-- Opening Marker --
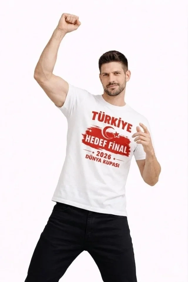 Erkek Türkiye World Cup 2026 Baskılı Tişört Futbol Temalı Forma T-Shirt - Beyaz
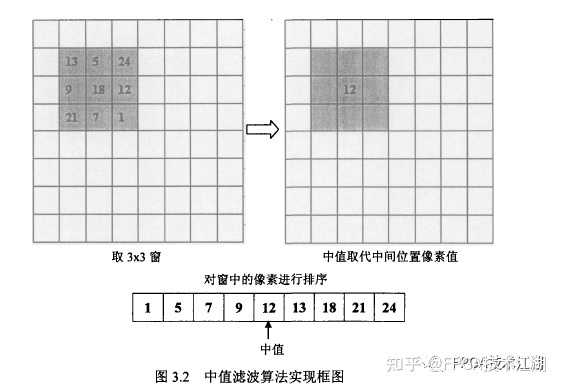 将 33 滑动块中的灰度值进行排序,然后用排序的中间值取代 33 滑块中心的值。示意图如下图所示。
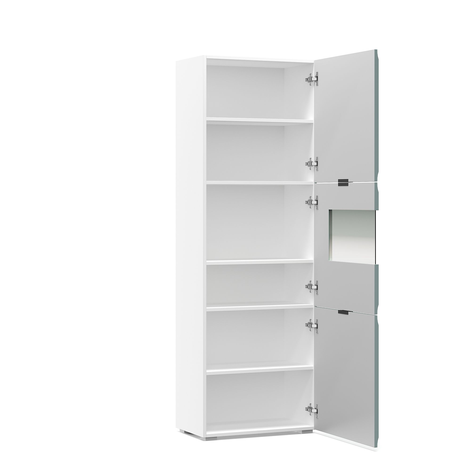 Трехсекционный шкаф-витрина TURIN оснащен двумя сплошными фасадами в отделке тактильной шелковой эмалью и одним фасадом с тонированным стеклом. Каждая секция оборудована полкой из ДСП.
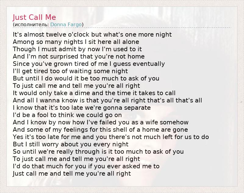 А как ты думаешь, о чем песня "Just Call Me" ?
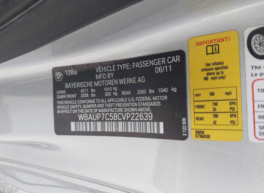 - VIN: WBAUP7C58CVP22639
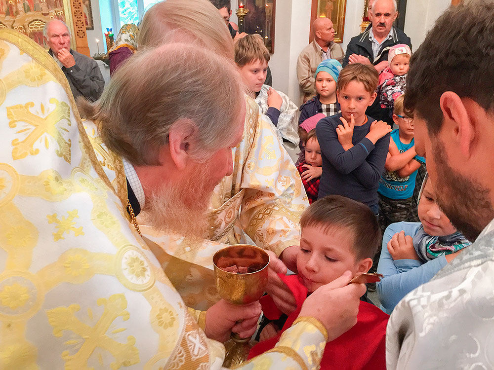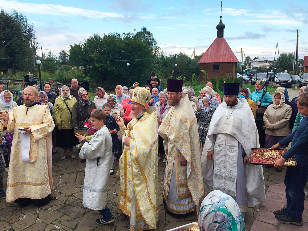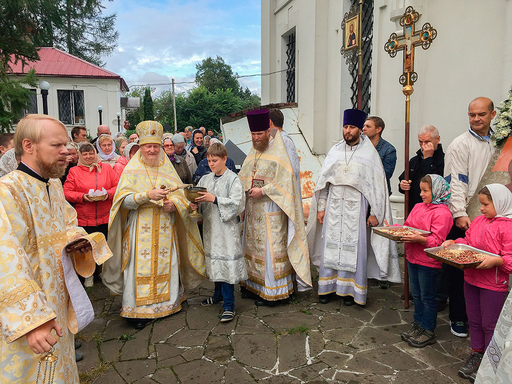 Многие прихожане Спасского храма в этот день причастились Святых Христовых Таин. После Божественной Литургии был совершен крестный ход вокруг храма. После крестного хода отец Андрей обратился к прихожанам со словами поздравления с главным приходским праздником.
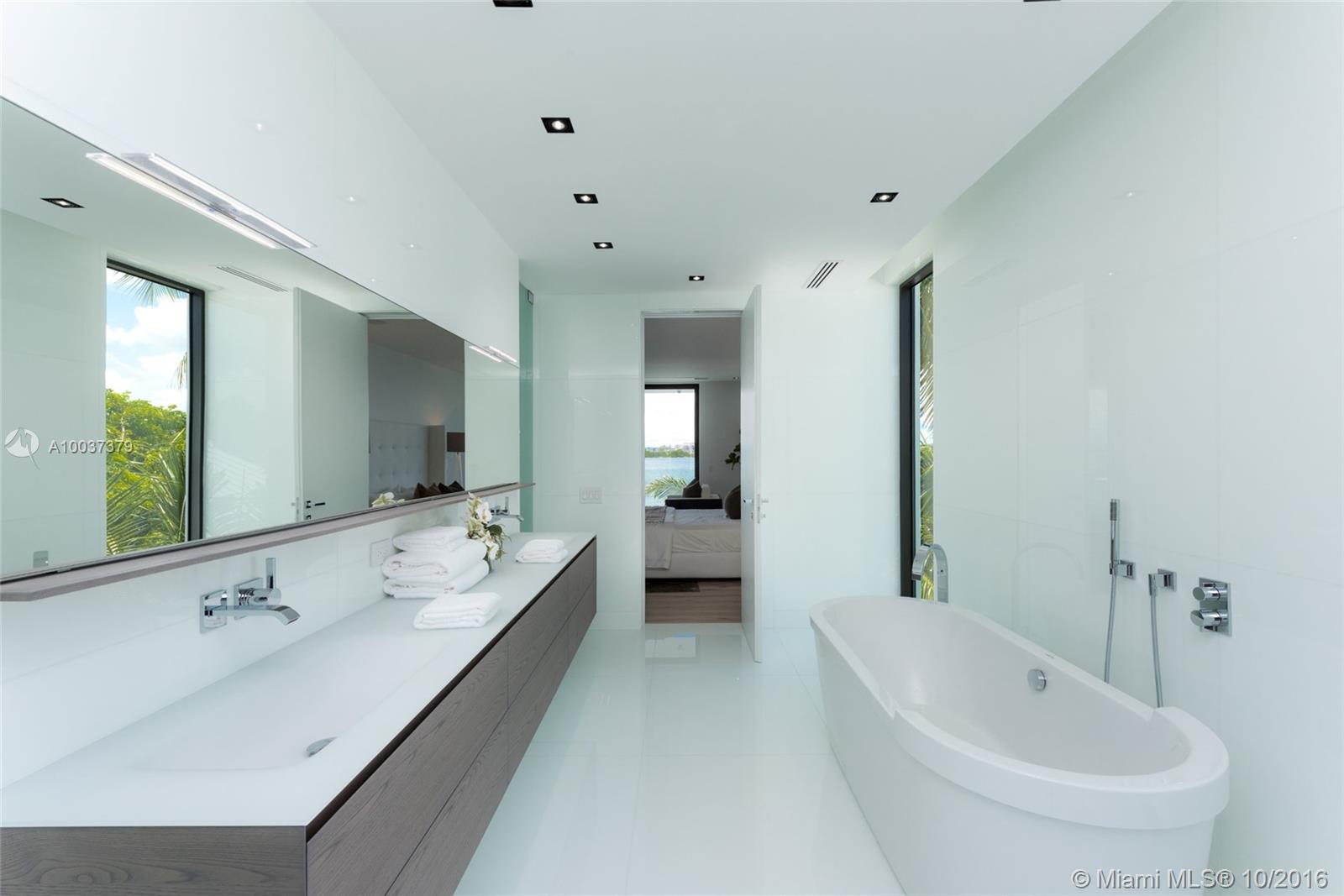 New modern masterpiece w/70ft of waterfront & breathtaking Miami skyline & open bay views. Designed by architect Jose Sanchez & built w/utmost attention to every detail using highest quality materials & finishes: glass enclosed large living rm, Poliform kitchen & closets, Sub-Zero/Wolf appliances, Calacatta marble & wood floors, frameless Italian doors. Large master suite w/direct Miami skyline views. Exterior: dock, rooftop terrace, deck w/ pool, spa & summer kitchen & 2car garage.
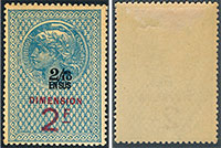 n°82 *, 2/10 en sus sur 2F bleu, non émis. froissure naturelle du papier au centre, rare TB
-- Closing Marker --
• TASK INSTRUCTIONS
Leave out all images, then reproduce the entries above exactly.

• ANSWER TO THIS TASK
 Erkek Türkiye World Cup 2026 Baskılı Tişört Futbol Temalı Forma T-Shirt - Beyaz
 将 33 滑动块中的灰度值进行排序,然后用排序的中间值取代 33 滑块中心的值。示意图如下图所示。
 Трехсекционный шкаф-витрина TURIN оснащен двумя сплошными фасадами в отделке тактильной шелковой эмалью и одним фасадом с тонированным стеклом. Каждая секция оборудована полкой из ДСП.
 А как ты думаешь, о чем песня "Just Call Me" ?
 - VIN: WBAUP7C58CVP22639
 Многие прихожане Спасского храма в этот день причастились Святых Христовых Таин. После Божественной Литургии был совершен крестный ход вокруг храма. После крестного хода отец Андрей обратился к прихожанам со словами поздравления с главным приходским праздником.
 New modern masterpiece w/70ft of waterfront & breathtaking Miami skyline & open bay views. Designed by architect Jose Sanchez & built w/utmost attention to every detail using highest quality materials & finishes: glass enclosed large living rm, Poliform kitchen & closets, Sub-Zero/Wolf appliances, Calacatta marble & wood floors, frameless Italian doors. Large master suite w/direct Miami skyline views. Exterior: dock, rooftop terrace, deck w/ pool, spa & summer kitchen & 2car garage.
 n°82 *, 2/10 en sus sur 2F bleu, non émis. froissure naturelle du papier au centre, rare TB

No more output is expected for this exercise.